From the All-Purpose Hospital to Smart Triage: Using a Hospital Analogy to Understand the Evolution of DeepSeek’s Models

DeepSeek’s v3 model has sparked a lot of discussion recently. However, many people (myself included) may find themselves facing a sea of articles, unsure which are clickbait and which contain real substance. If you want to understand why DeepSeek is so impressive, which materials should you read? How can you confirm your understanding is correct? And how do you grasp the intuition behind these complex papers in a straightforward way?

With these questions in mind, I read the DeepSeek v2 and v3 papers. In this article, I’ll use the analogy of a hospital’s triage system to help non-technical LLM enthusiasts understand the intuition behind the papers.

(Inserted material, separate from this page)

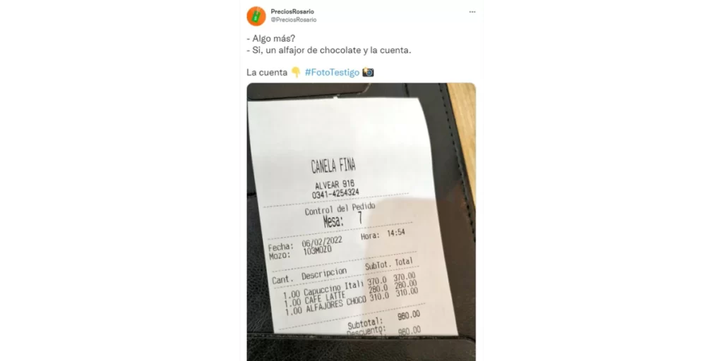 La cuenta oficial de Twitter llamada “@PreciosRosario”, compartió la foto que causó el gran escándalo. En el ticket se puede ver que uno de los cafés, un capuccino, salió 370 pesos, el otro, un latte, 280 pesos y, por último, el alfajor costó 310 pesos. Lo que llevó a un total de 960 pesos.

Before we get into the details, let’s clarify a few points:

This article focuses on DeepSeek v3, the model that achieves GPT-4o-like performance at a low cost. We will not discuss the R1 “reasoning” model here.
This article is a popular science piece that uses analogies to illustrate the underlying technical intuition of the paper. Inevitably, analogies can lead to some oversimplification or distortion. I’ll do my best to strike a balance between clarity and accuracy. However, if you only need a rough understanding of DeepSeek’s technical ideas, this article should suffice. But if you want to replicate their results or carry out further innovation on this basis, you must study their papers carefully. The depth here is not enough to support rigorous scientific research and engineering practice.

LLMs Are Like a Hospital

Let’s get to the main topic. In some ways, a Large Language Model (LLM) is like a huge hospital where patients enter through the main entrance, see a doctor, and then leave. The “patients” here are the input text, and the “discharged patients” are the model’s outputs. While the “patients” go from admission to discharge, they go through a series of procedures: tests, consultations, prescriptions, registration, and payment—analogous to the complex series of internal operations the model performs on the input.

Along the way, we typically look at three metrics:

Intelligence level of the model: i.e., the quality of service it provides. Did it effectively “treat” or solve the user’s query or request?
Throughput and latency: i.e., the time from when a “patient” enters to when they leave (average inference time), as well as how many patients the hospital can handle in a day.
Model size: i.e., whether the hospital is a massive medical complex or a small, one-story clinic. This factor has a major impact on real-world deployment.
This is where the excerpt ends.